Tengo una obsesión con las notas con testimonios. No vale decir que fulanito dice que el precio del tomate se fue por las nubes. Hay que aclarar que fulanito tiene un apellido, seguramente alguna ocupación, que vive en tal lado, y que ya no puede comprar tomates porque tiene tres hijos que mantener y que para ir a trabajar toma dos colectivos y el tren. Entonces, el testimonio de fulanito será un testimonio que nos diga algo sobre el precio del tomate y no simples palabras de relleno en un página.
Esa obsesión tiene una responsable: María Seoane. Tiene una fecha, abril de 1994. El Frente Grande acababa de dar un batacazo en las elecciones para convencionales constituyentes y había ganado en barrios tradicionales del PJ. María se estrenaba como editora de la sección política de Clarín y yo como colaboradora principiante. Me había pedido que recorriera Lugano y Soldati en busca de esos testimonios que explicaran el voto sorpresa a Chacho Alvarez. Entregué una nota con un montón de “fulanitos y fulanitas” sin apellidos ni edades ni nada más. “¿Cómo vas a entregar una nota así?”, me cortó en seco, fría como un glaciar y ahí nomás me mandó de vuelta a Lugano a buscar testimonios como corresponde. “Excelente, corazón, excelente”, se entusiasmó esa segunda vez, cálida como una madre.
María Seoane era así, un torbellino que oscilaba entre extremos, pero siempre en ese terreno extenso e incierto del periodismo. María Seoane murió hoy a los 75 años.
Conocí a María en diciembre de 1993, cuando entré como becaria a Clarín. Ella había entrada poco tiempo antes. Fue la primera mujer editora de la sección política. Recién acababa de ser mamá de Alexis, y un poco era la mamá de toda la sección en la que sobraban hombres. Iba entre la dureza de un carácter forjada en la militancia de los 70 y el exilio pero a la vez disfrutaba de ese lugar en el que muchas veces nos colocan a las mujeres en las redacciones. María no sólo se ocupaba de comprar masitas para festejar un cumpleaños, buscaba las más ricas.

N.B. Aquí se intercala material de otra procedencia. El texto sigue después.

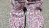 綿のカーディガンをほどいた毛糸で靴下を編みました。
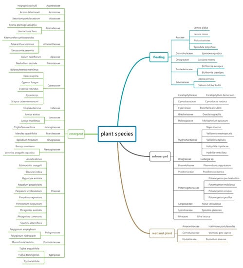 Thus, 30 articles, 18 field experiments, and 12 laboratory simulation experiments, constituting a total of 197 observation groups, were selected. Furthermore, the researched plants, which belonged to 33 families and 74 species, were categorized as floating, submerged, emergent, and wetland plants (Figure 1), to facilitate data analysis.
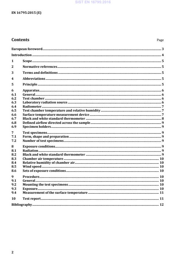 EN 16795:2015 is a standard published by the European Committee for Standardization (CEN). Its full title is "Plastics - Method for estimating heat build up of flat surfaces by simulated solar radiation". This standard covers: This European Standard specifies a method for estimating the temperature increase of a flat polymer surface, due to its solar radiant energy absorption, compared to the ambient temperature. For that purpose, a specimen and black and white reference plates are exposed to simulated solar radiation under specified conditions (simulated solar radiation, ambient air temperature, convective flow). For opaque specimens, a thermally sensitive electrical element at the backside or a pyrometer is used to measure the surface temperature. For translucent specimens, a pyrometer is used to measure surface temperature. NOTE Some specific polymeric materials are translucent (transparent) and might have a transmittance window in a wavelength range where the used pyrometer is sensitive (e.g. polyethylene). The surface temperature of these materials cannot be measured with the contact and the contactless method.
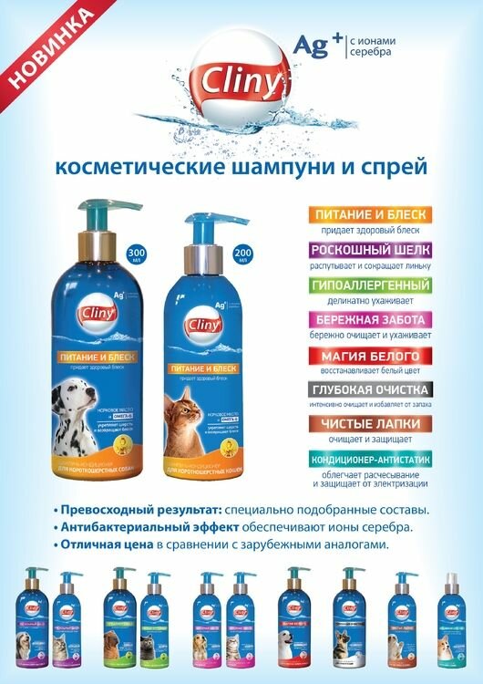 Cliny ® Шампунь для кошек с чувствительной кожей Гипоаллергенный, 200 мл
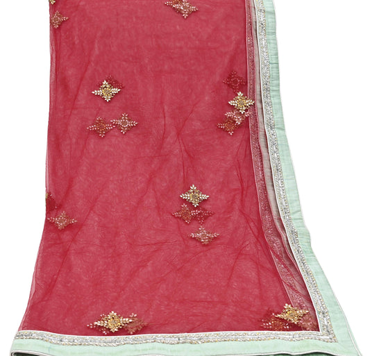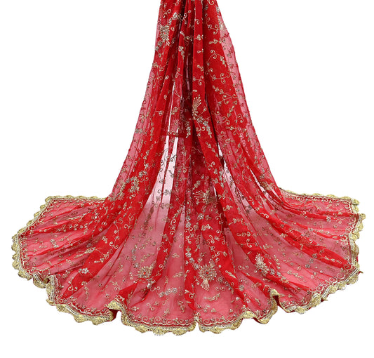 Indian Vintage Heavy Bridal Dupatta Red Net Mesh Long Stole Hand Embroidered Scarves Patti Wedding/Party Wear
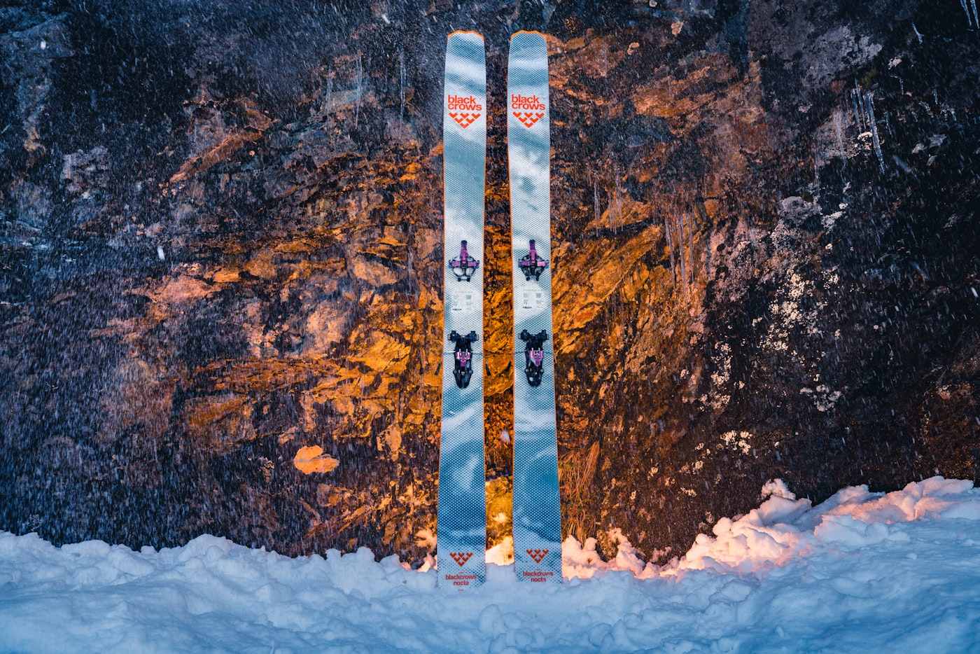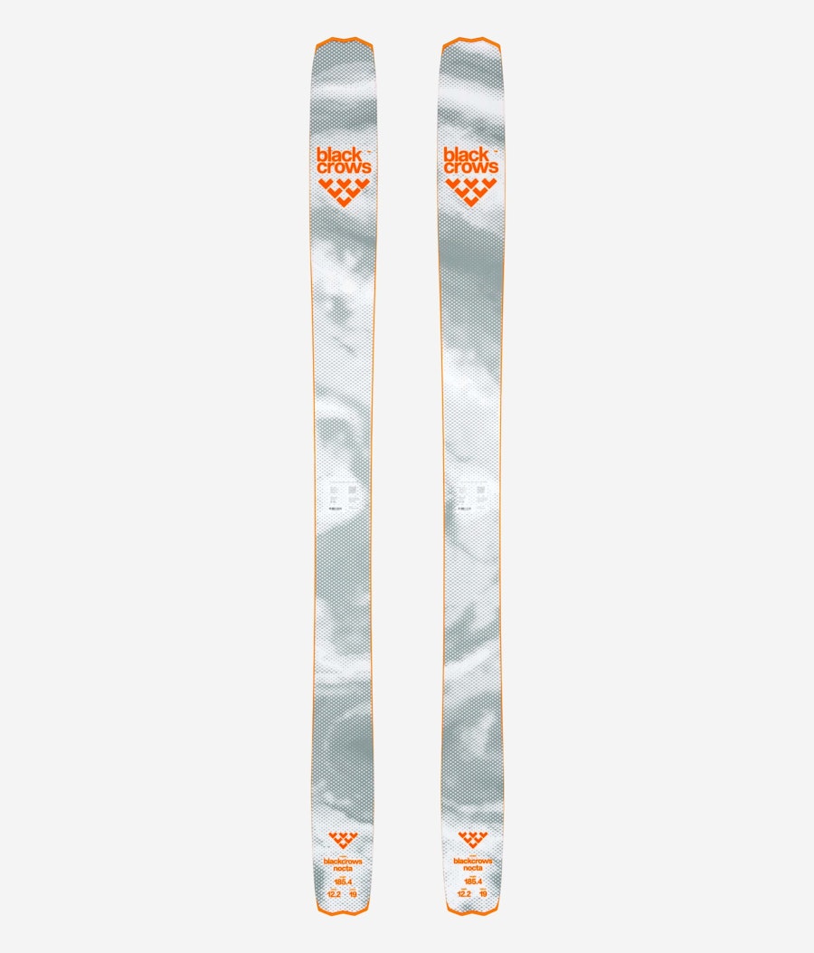 The Nocta ski is blackcrows powder plank of choice, measuring 122 mm underfoot. It’s a softer ski with a progressive shape that lends itself to easy turn initiation. The core is made of a blend of paulownia and poplar woods with fiberglass, creating a ski that feels soft and smooth with plenty of pop. The softer core is coupled with ABS sidewalls and a straight sidecut with minor camber underfoot. This combination delivers relative stability at speeds with playfulness in the pow. The Nocta is a great option for the more advanced rider seeking a resort or backcountry ski specifically for soft snow.

Tenía la costumbre de llamar a todos “corazón”, a los becarios, a Julio Blanck, el jefe de la sección, o a Fernando de la Rúa, el futuro presidente. Todos caíamos en sus abrazos y estrujamientos.

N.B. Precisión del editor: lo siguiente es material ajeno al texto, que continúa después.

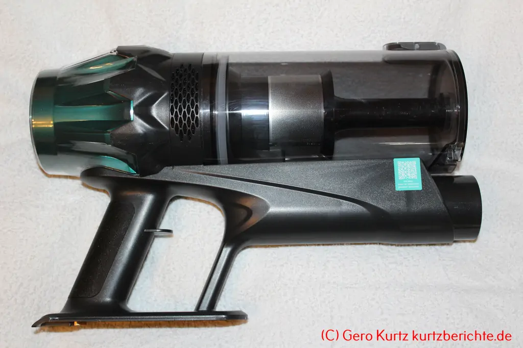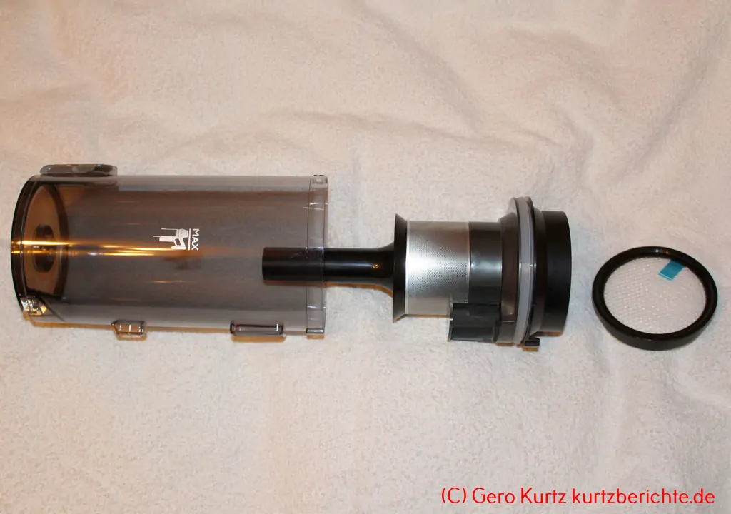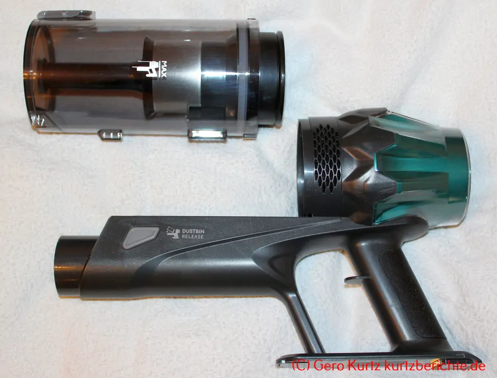 Ganz vorn oben befindet sich der Staubbehälter. Dieser besitzt ganz unten eine Klappe, welche sich zum Entleeren per Knopfdruck öffnen lässt. Der graue Knopf sitzt dafür ganz oben direkt an der Klappe. Ansonsten kann der gesamte Staubbehälter durch Drücken der grauen unteren Taste nach oben abgenommen und zur Reinigung zerlegt werden. Dazu den HEPA-Filter + Schaumstoff herausnehmen und den inneren Filter mit einer leichten Drehung herausziehen.
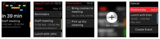 相反,Apple Watch版的Fantastical采取了一种简单的方法,即只需把iPhone应用缩小到Watch屏幕。Flexibits提供了更细致的服务,做出了一款集功能与美观为一体的App。小屏幕上的UX依旧很可爱。通过屏幕上的Force Touch技术你可以添加项目,滚动现存项目,这是一种很棒的感觉。
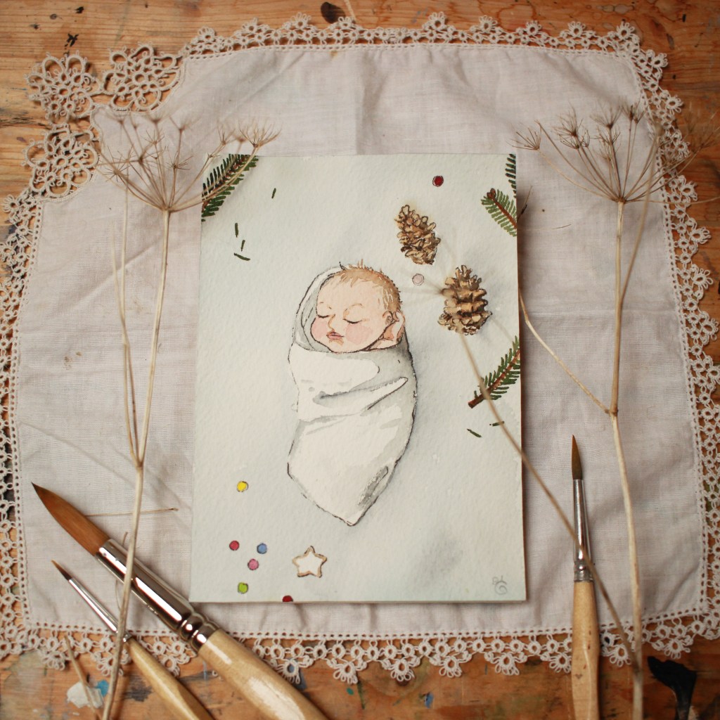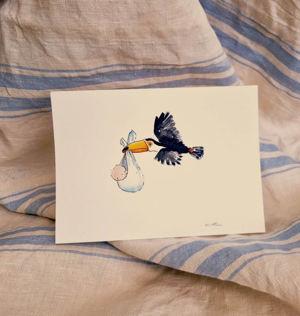Beispiel Geburt: Ob ein spezieller Vogel als Bote oder ein kleines Babyporträt, auf alle Fälle eine sehr originelle Babykarte.
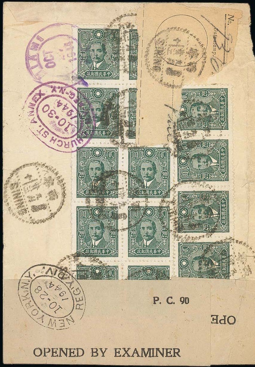 Sining: 1944 (23 Sept.) envelope registered to New York bearing, on the reverse, Sun Yat Sen Central Trust $2 blue-green (14) cancelled by Sining type 6 Chinese/English c.d.s. with a large fragment of the registered receipt, Indian censor seal and handstamp, Miami (27.10), New York (28.10) and Church St. Annex arrival (30.10), the address side with Sining registration label. Some soiling. Although air mail is not noted, pays postage $4, registration $6 and air mail by route 8 $18. Photo
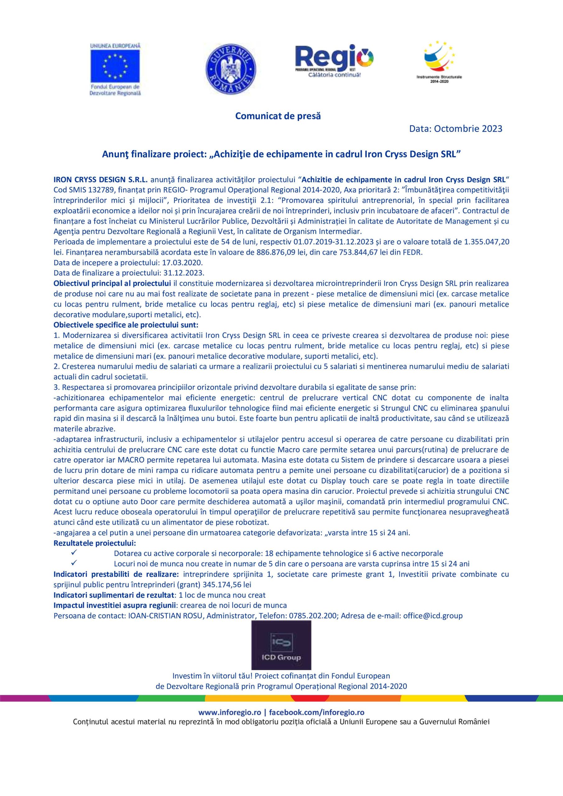 IRON CRYSS DESIGN S.R.L. anunţă finalizarea activităţilor proiectului “Achizitie de echipamente in cadrul Iron Cryss Design SRL“ Cod SMIS 132789, finanțat prin REGIO- Programul Operaţional Regional 2014-2020, Axa prioritară 2: ”Îmbunătăţirea competitivităţii întreprinderilor mici și mijlocii”, Prioritatea de investiţii 2.1: “Promovarea spiritului antreprenorial, în special prin facilitarea exploatării economice a ideilor noi și prin încurajarea creării de noi întreprinderi, inclusiv prin incubatoare de afaceri”. Contractul de finanțare a fost încheiat cu Ministerul Lucrărilor Publice, Dezvoltării și Administrației în calitate de Autoritate de Management și cu Agenţia pentru Dezvoltare Regională a Regiunii Vest, în calitate de Organism Intermediar.

Fue durante esos años de becaria que María me convocó junto a mis compañeros Martín Etchevers –hoy gerente de Relaciones Institucionales del Grupo Clarín– y Jorge Liotti –hoy jefe de Política de La Nación– a una investigación “ultra secreta”. Debíamos clasificar archivos secretos de la dictadura para luego entrevistar a un “garganta profunda”, un represor arrepentido, que nos explicaría como funcionaba el mecanismo de represión cultural durante aquellos años. Fueron varios meses de reuniones secretas en la casa de María y luego la entrevista con el arrepentido en un salón oscuro y oculto en la confitería Los Dos Chinos. La investigación, liderarada junto a Oscar Raúl Cardozo, tardó años en publicarse, y cuando lo hizo recibió el premio Rey de España. Nosotros –todos pibes de veintitantos– apenas fuimos mencionados pero a María le debemos esa ilusión de habernos sentido protagonistas de nuestro Watergate criollo.
María había llegado a Clarín con dos libros fundamentales. La Noche de los Lápices, sobre la desaparición de los estudiantes secundarios de La Plata, y Todo o Nada, una biografía sobre Mario Roberto Santucho pero que es más una exhaustiva investigación sobre la guerrilla en Argentina. Luego llegaría su impecable biografía de Jorge Rafael Videla, El Dictador. La lista es larga, su trayectoria es larga.
María marcó cada uno de los lugares por los que pasó con sus pasiones y sus contradicciones. Pertenecía a una generación de periodistas que formaron escuela en cada una de las redacciones por donde pasaron, una generación de periodistas que estaba –está– convencida de que un simple testimonio sobre el precio del tomate es una oportunidad para darle voz y rostro a un desconocido.